© JUNGE FREIHEIT Verlag GmbH & Co.  www.jungefreiheit.de    20/00 12. Mai 2000


Boykottmüdigkeit
von Carl Gustaf Ströhm

Die Binsenweisheit, daß nichts so heiß gegessen wird, wie es gekocht wurde, scheint sich nach der Azorenkonferenz der EU-Außenminister zu bestätigen. Wiens Außenministerin Ferrero-Waldner konstatierte: "Man hört uns wieder zu." Sechs EU-Länder – Irland, Italien, Finnland, Dänemark, Spanien und Griechenland – setzten sich mehr oder weniger energisch für eine Beendigung der gegen die Alpenrepublik verhängten Sanktionen ein. Sogar die Deutschen, denen es zwar wie üblich an Mut vor EU-Thronen mangelt, wollen nichts überstürzen – und Joschka Fischer hielt gar höflich einen grünen(!) Regenschirm über dem Haupt seiner Wiener Amtskollegin.

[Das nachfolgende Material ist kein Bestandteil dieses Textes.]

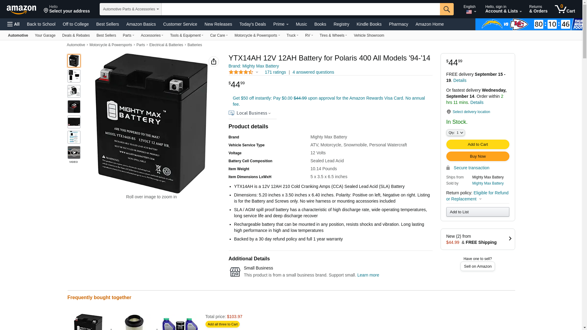 This YTX14AH is a sealed lead-acid (SLA) absorbed glass mat (AGM) rechargeable battery. AGM and GEL batteries are lead-acid and of the same battery chemistry. This battery comes already charged, sealed, maintenance free, and ready to install.<br>Premium quality absorbed glass mat technology (AGM) is ideal for ATVs, Motorcycles, Personal Watercraft, Jet Ski's, Snowmobiles and more.<br><b>Specifications of the YTX14AH Battery</b><br>Voltage: 12 Volt<br>Amperage: 12 AH<br>Chemistry: SLA, AGM<br>Terminal: Nut & Bolt <br><b>Battery Dimensions: </b><br>5.20 in x 3.50 in x 6.40 in<br>Weight: 10.14 Lbs<br><b>Warranty</b><br>1 Year <br/>Genuine Mighty Max battery Product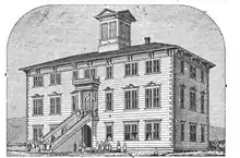 The school was founded with an initial offer in 1875 of $10,000 by New York socialite, heiress and philanthropist Catharine Lorillard Wolfe, on the condition that Bishop Whitaker find matching funds elsewhere. By mid-1876, funds had been raised and a half-block of land had been donated by the Central Pacific Railroad. The school opened October 12, 1876, on a site on the edge of town ("the walk from the depot to the school was nearly half the way through sagebrush, and north and west was an unbroken waste of sage as far as the eye could see") with fifty pupils and five teachers under the leadership of principal Kate A. Sill.[1]

Auch Frankreich, das neben Belgien zu den Scharfmachern der Anti-Wien-Aktion gehörte, ist jetzt behutsamer geworden: Es wäre nicht gut, wenn die bevorstehende französische EU-Präsidentschaft mit einem Eklat und endlosen Konflikten buchstäblich untergehen würde. Die Wiener Regierung hat instinktiv etwas richtig gemacht: Sie hat sich durch das Trommelfeuer der veröffentlichten Meinung nicht beirren lassen und ist ihren Weg gegangen. Spätestens jetzt stellt sich heraus, daß die österreichische Regierung eine ganz normale europäische Regierung ist, genauso demokratisch (und vielleicht bürokratisch) wie alle anderen. Die Initiatoren des Österreich-Boykotts müssen konstatieren, daß sie sich ins eigene Fleisch geschnitten und sich selber – sowie der vielgepriesenen Europa-Idee – geschadet haben, als sie zum Boykott eines Landes und seiner Menschen aufriefen – obwohl sich diese nichts zuschulden kommen ließen.